The simulations have been run using an implicit LES approach, where no sub grid model is used for the energy dissipation and instead we rely on numerical diffusion to be a sufficiently good emulation of this process. The reason for choosing implicit LES for these simulations is that we also run the case with a cavitating propeller, and for these flows we have normally used this technique. We have good experiences using this modeling technique for both wetted and cavitating flows, see [3, 2, 7] and the references therein.

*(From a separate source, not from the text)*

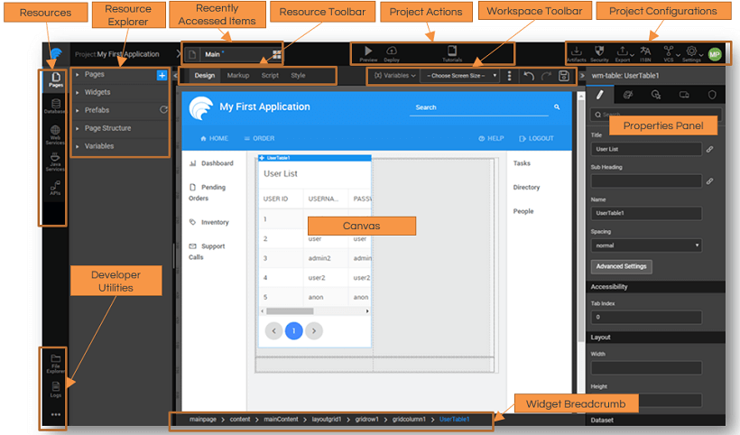 • Workspace Toolbar helps in defining runtime functionality of the Page in terms of Variables, Themes, Layout etc..

The computational domain is a half cylinder of radius 1.5 times the model length and extends 1 model length forward of the bow and 2 model lengths aft of the transom, see Figure 1. This is a relatively small domain but as no surface waves are simulated it is deemed sufficient. The mesh was generated using Pointwise and consists of in total 19.6 million cells split into one cylindrical (rotating) region around the propeller and one region for the rest of the domain (see Table 1). To have the best possible control on the mesh quality around the propeller, a structured surface mesh was manually created on the blades and the hub. From this, a boundary layer mesh with hexahedral cells was extruded in order to capture the detailed surface flow. The remaining volume of the propeller cylinder was then filled with unstructured tetrahedral elements. In order to capture the blade wake and improve the propagation of the tip vortex, a refined region was created by extruding a support surface, where smaller cell sizes could be specified, behind the trailing edge of the propeller blade and back to the propeller domain boundary.
|Table 1: Mesh sizes
Figure 1: The computational domain (left) and the location of the sliding grid interfaces (right).
For the hull mesh, the complexity of the hull, especially between the bulbous bow and the symmetry plane and in the aft between the propeller region and the boss and the rudder, made it difficult to create a high quality structured mesh. Moreover, the flexibility in unstructured gridding to cluster cells close to the hull surface and in the stern region together with a short time to produce a high quality grid made us instead opt for a completely unstructured grid. The hull surface was triangulated and cell layers of prisms were then grown into the fluid domain with a smooth transition to tetrahedra in the interior using the T-Rex (anisotropic tetrahedral extrusion) feature of Pointwise. The mesh is refined in the propeller wake and around the rudder and its wake (see Figure 2) in order to allow the propagation of the propeller tip vortices. The complete mesh was generated on a laptop and the two domains were separately exported using the native OpenFOAM exporter in Pointwise and later merged in OpenFOAM. The mesh resolution is decent for a model scale LES, with typical cell sizes in the aft body boundary layer and on the propeller of (Δx+;Δy+) = (100; 5), where Δx+ represents the longest surface cell edge and Δy+ the wall normal cell size.
Figure 2a: Surface mesh of propeller and aft body.
Figure 2b: Cut through the refined propeller wake.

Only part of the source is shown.